__Source records__:
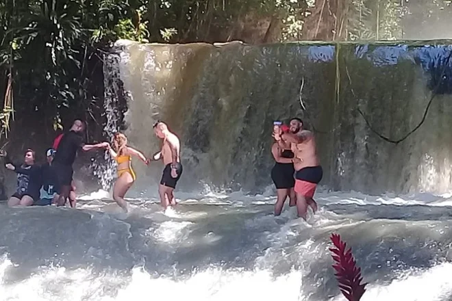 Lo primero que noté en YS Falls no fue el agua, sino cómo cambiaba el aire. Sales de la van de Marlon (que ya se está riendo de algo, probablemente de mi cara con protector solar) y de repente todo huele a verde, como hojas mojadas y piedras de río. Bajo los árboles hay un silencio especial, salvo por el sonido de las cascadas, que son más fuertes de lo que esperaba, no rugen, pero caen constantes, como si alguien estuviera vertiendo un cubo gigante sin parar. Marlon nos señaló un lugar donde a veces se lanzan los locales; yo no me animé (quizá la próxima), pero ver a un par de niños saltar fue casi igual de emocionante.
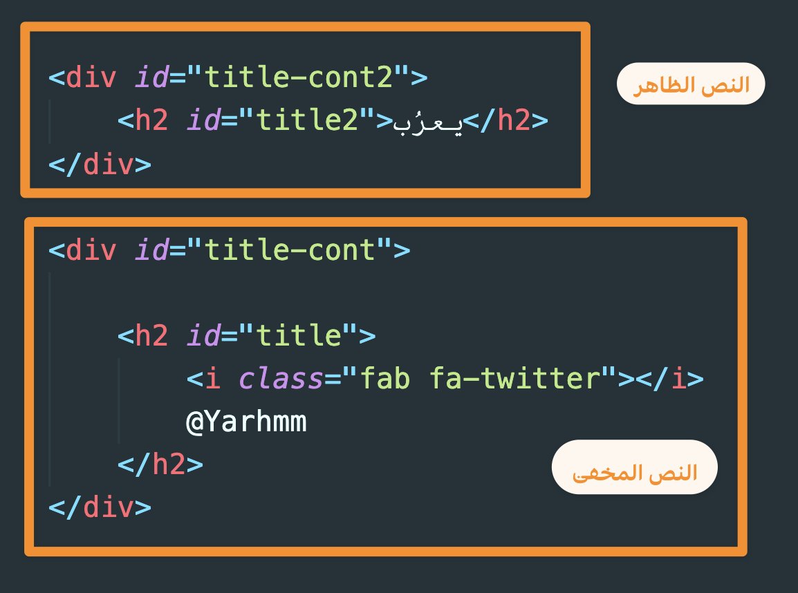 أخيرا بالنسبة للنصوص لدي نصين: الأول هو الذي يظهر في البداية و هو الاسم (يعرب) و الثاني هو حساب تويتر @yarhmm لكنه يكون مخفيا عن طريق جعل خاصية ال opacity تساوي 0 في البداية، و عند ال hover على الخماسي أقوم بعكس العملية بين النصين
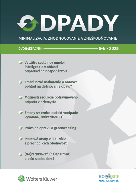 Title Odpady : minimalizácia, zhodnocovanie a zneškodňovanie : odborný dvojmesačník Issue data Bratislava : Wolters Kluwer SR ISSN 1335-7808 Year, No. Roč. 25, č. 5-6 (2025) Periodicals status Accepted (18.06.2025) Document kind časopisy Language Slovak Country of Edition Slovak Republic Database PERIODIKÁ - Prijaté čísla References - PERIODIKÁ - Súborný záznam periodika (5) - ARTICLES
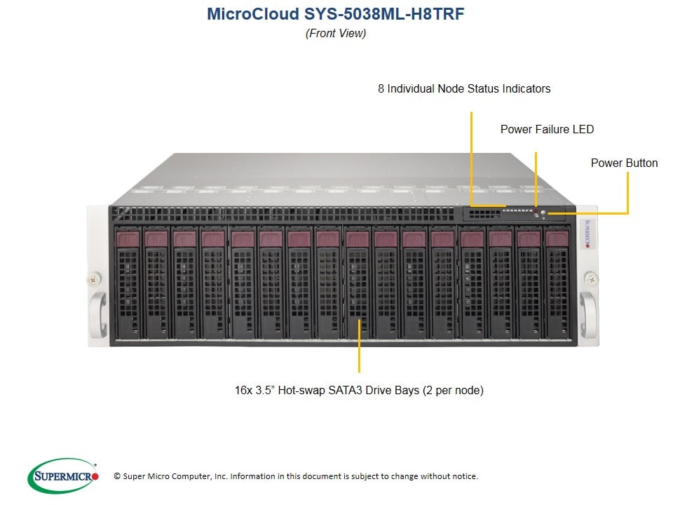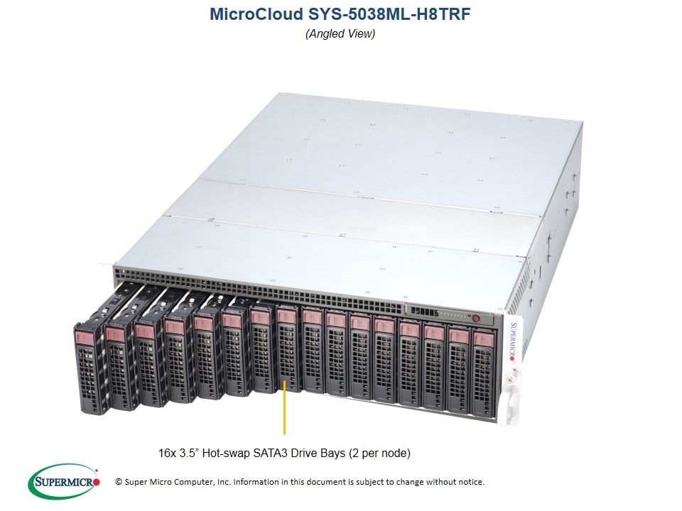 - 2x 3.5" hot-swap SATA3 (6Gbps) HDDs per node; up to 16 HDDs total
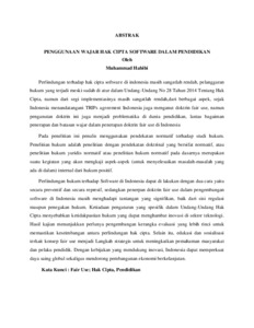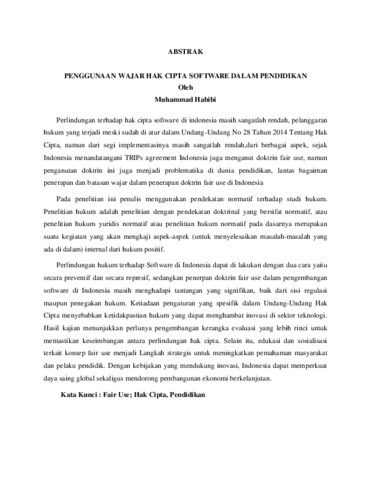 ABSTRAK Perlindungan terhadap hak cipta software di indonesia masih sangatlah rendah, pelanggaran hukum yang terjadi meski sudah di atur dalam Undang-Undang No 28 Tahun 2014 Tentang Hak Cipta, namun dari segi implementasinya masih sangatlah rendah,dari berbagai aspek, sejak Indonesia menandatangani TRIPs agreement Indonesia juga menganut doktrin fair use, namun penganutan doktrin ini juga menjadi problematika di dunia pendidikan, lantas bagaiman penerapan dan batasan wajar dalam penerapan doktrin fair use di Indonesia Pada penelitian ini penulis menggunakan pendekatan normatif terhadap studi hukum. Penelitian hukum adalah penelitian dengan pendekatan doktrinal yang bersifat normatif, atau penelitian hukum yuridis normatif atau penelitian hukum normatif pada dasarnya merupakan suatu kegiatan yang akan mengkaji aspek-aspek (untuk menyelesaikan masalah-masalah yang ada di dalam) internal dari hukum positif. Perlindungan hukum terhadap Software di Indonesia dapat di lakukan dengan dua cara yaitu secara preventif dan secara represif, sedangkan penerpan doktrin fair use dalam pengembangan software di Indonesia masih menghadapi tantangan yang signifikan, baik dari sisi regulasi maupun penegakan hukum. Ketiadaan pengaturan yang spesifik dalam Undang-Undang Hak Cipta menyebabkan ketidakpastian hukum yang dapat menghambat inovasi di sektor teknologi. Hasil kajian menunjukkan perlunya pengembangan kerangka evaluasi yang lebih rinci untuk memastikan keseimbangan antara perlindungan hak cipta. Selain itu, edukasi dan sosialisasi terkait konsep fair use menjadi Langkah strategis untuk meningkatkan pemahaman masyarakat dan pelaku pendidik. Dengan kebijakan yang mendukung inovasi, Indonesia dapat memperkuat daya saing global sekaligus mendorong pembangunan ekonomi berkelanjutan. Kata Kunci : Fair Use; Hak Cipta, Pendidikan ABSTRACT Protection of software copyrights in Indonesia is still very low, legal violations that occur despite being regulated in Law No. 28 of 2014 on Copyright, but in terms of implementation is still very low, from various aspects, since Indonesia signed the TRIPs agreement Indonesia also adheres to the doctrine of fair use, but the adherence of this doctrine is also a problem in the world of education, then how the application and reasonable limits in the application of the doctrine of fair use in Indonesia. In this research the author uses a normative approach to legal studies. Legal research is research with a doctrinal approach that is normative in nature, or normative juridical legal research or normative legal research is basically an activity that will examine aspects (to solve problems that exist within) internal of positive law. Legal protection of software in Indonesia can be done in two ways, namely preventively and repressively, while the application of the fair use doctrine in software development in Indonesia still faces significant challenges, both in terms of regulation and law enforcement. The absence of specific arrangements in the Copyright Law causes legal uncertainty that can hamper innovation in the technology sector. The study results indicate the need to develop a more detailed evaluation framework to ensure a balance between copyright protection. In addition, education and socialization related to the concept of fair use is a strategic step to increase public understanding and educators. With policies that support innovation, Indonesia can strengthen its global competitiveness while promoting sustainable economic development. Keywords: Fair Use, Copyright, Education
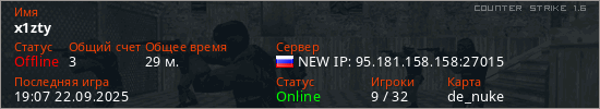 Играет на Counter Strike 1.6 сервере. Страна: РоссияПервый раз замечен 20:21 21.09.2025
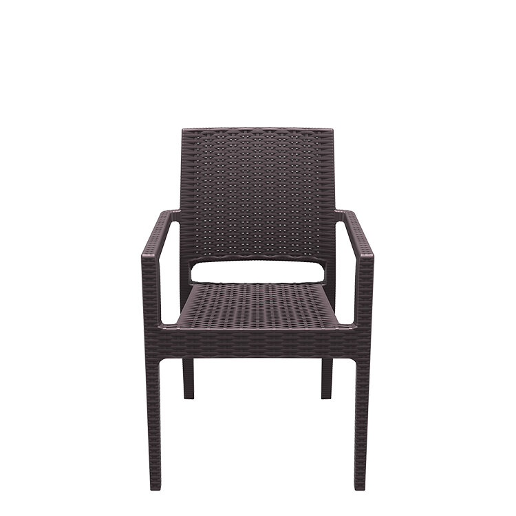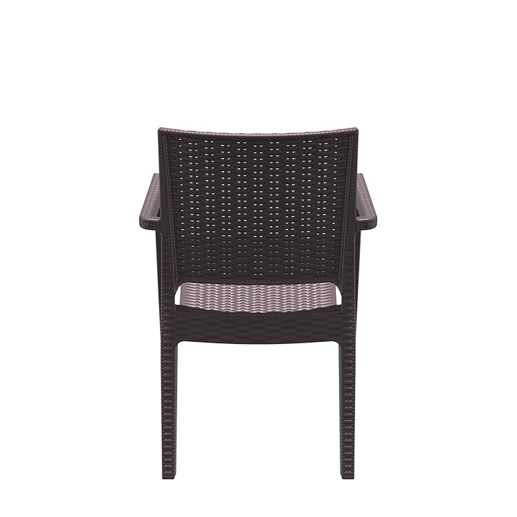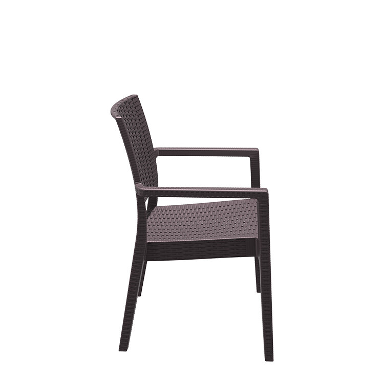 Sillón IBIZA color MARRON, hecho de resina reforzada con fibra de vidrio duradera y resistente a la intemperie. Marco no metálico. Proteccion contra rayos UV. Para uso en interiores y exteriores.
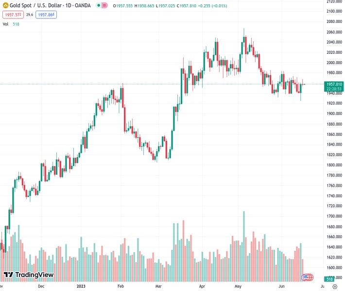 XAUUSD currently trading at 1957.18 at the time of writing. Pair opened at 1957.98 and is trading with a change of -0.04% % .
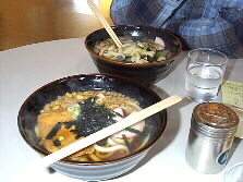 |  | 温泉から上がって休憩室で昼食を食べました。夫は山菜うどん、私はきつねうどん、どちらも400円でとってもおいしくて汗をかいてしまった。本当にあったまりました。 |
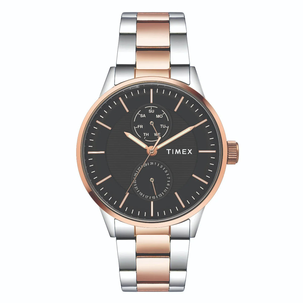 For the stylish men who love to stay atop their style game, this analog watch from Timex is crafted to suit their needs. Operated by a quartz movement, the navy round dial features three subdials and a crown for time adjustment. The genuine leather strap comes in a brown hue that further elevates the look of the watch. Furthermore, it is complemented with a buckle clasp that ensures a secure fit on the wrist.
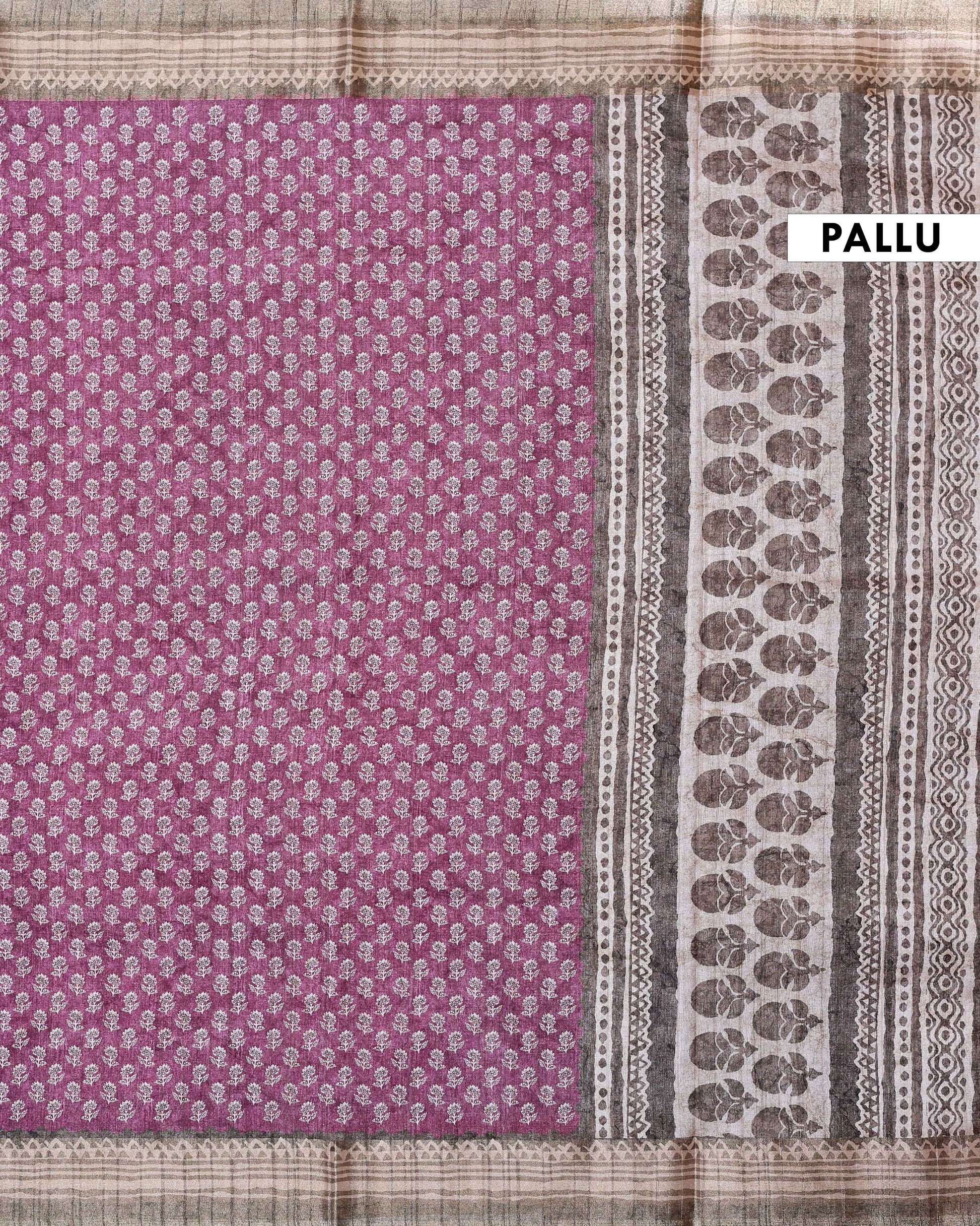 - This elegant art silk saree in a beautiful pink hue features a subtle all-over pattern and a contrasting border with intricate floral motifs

__Instructions for the task__: Please copy out the whole listing exactly as it stands, minus the pictures.

__Completed exercise__:
 Lo primero que noté en YS Falls no fue el agua, sino cómo cambiaba el aire. Sales de la van de Marlon (que ya se está riendo de algo, probablemente de mi cara con protector solar) y de repente todo huele a verde, como hojas mojadas y piedras de río. Bajo los árboles hay un silencio especial, salvo por el sonido de las cascadas, que son más fuertes de lo que esperaba, no rugen, pero caen constantes, como si alguien estuviera vertiendo un cubo gigante sin parar. Marlon nos señaló un lugar donde a veces se lanzan los locales; yo no me animé (quizá la próxima), pero ver a un par de niños saltar fue casi igual de emocionante.
 أخيرا بالنسبة للنصوص لدي نصين: الأول هو الذي يظهر في البداية و هو الاسم (يعرب) و الثاني هو حساب تويتر @yarhmm لكنه يكون مخفيا عن طريق جعل خاصية ال opacity تساوي 0 في البداية، و عند ال hover على الخماسي أقوم بعكس العملية بين النصين
 Title Odpady : minimalizácia, zhodnocovanie a zneškodňovanie : odborný dvojmesačník Issue data Bratislava : Wolters Kluwer SR ISSN 1335-7808 Year, No. Roč. 25, č. 5-6 (2025) Periodicals status Accepted (18.06.2025) Document kind časopisy Language Slovak Country of Edition Slovak Republic Database PERIODIKÁ - Prijaté čísla References - PERIODIKÁ - Súborný záznam periodika (5) - ARTICLES
 - 2x 3.5" hot-swap SATA3 (6Gbps) HDDs per node; up to 16 HDDs total
 ABSTRAK Perlindungan terhadap hak cipta software di indonesia masih sangatlah rendah, pelanggaran hukum yang terjadi meski sudah di atur dalam Undang-Undang No 28 Tahun 2014 Tentang Hak Cipta, namun dari segi implementasinya masih sangatlah rendah,dari berbagai aspek, sejak Indonesia menandatangani TRIPs agreement Indonesia juga menganut doktrin fair use, namun penganutan doktrin ini juga menjadi problematika di dunia pendidikan, lantas bagaiman penerapan dan batasan wajar dalam penerapan doktrin fair use di Indonesia Pada penelitian ini penulis menggunakan pendekatan normatif terhadap studi hukum. Penelitian hukum adalah penelitian dengan pendekatan doktrinal yang bersifat normatif, atau penelitian hukum yuridis normatif atau penelitian hukum normatif pada dasarnya merupakan suatu kegiatan yang akan mengkaji aspek-aspek (untuk menyelesaikan masalah-masalah yang ada di dalam) internal dari hukum positif. Perlindungan hukum terhadap Software di Indonesia dapat di lakukan dengan dua cara yaitu secara preventif dan secara represif, sedangkan penerpan doktrin fair use dalam pengembangan software di Indonesia masih menghadapi tantangan yang signifikan, baik dari sisi regulasi maupun penegakan hukum. Ketiadaan pengaturan yang spesifik dalam Undang-Undang Hak Cipta menyebabkan ketidakpastian hukum yang dapat menghambat inovasi di sektor teknologi. Hasil kajian menunjukkan perlunya pengembangan kerangka evaluasi yang lebih rinci untuk memastikan keseimbangan antara perlindungan hak cipta. Selain itu, edukasi dan sosialisasi terkait konsep fair use menjadi Langkah strategis untuk meningkatkan pemahaman masyarakat dan pelaku pendidik. Dengan kebijakan yang mendukung inovasi, Indonesia dapat memperkuat daya saing global sekaligus mendorong pembangunan ekonomi berkelanjutan. Kata Kunci : Fair Use; Hak Cipta, Pendidikan ABSTRACT Protection of software copyrights in Indonesia is still very low, legal violations that occur despite being regulated in Law No. 28 of 2014 on Copyright, but in terms of implementation is still very low, from various aspects, since Indonesia signed the TRIPs agreement Indonesia also adheres to the doctrine of fair use, but the adherence of this doctrine is also a problem in the world of education, then how the application and reasonable limits in the application of the doctrine of fair use in Indonesia. In this research the author uses a normative approach to legal studies. Legal research is research with a doctrinal approach that is normative in nature, or normative juridical legal research or normative legal research is basically an activity that will examine aspects (to solve problems that exist within) internal of positive law. Legal protection of software in Indonesia can be done in two ways, namely preventively and repressively, while the application of the fair use doctrine in software development in Indonesia still faces significant challenges, both in terms of regulation and law enforcement. The absence of specific arrangements in the Copyright Law causes legal uncertainty that can hamper innovation in the technology sector. The study results indicate the need to develop a more detailed evaluation framework to ensure a balance between copyright protection. In addition, education and socialization related to the concept of fair use is a strategic step to increase public understanding and educators. With policies that support innovation, Indonesia can strengthen its global competitiveness while promoting sustainable economic development. Keywords: Fair Use, Copyright, Education
 Играет на Counter Strike 1.6 сервере. Страна: РоссияПервый раз замечен 20:21 21.09.2025
 Sillón IBIZA color MARRON, hecho de resina reforzada con fibra de vidrio duradera y resistente a la intemperie. Marco no metálico. Proteccion contra rayos UV. Para uso en interiores y exteriores.
 XAUUSD currently trading at 1957.18 at the time of writing. Pair opened at 1957.98 and is trading with a change of -0.04% % .
 |  | 温泉から上がって休憩室で昼食を食べました。夫は山菜うどん、私はきつねうどん、どちらも400円でとってもおいしくて汗をかいてしまった。本当にあったまりました。 |
 For the stylish men who love to stay atop their style game, this analog watch from Timex is crafted to suit their needs. Operated by a quartz movement, the navy round dial features three subdials and a crown for time adjustment. The genuine leather strap comes in a brown hue that further elevates the look of the watch. Furthermore, it is complemented with a buckle clasp that ensures a secure fit on the wrist.
 - This elegant art silk saree in a beautiful pink hue features a subtle all-over pattern and a contrasting border with intricate floral motifs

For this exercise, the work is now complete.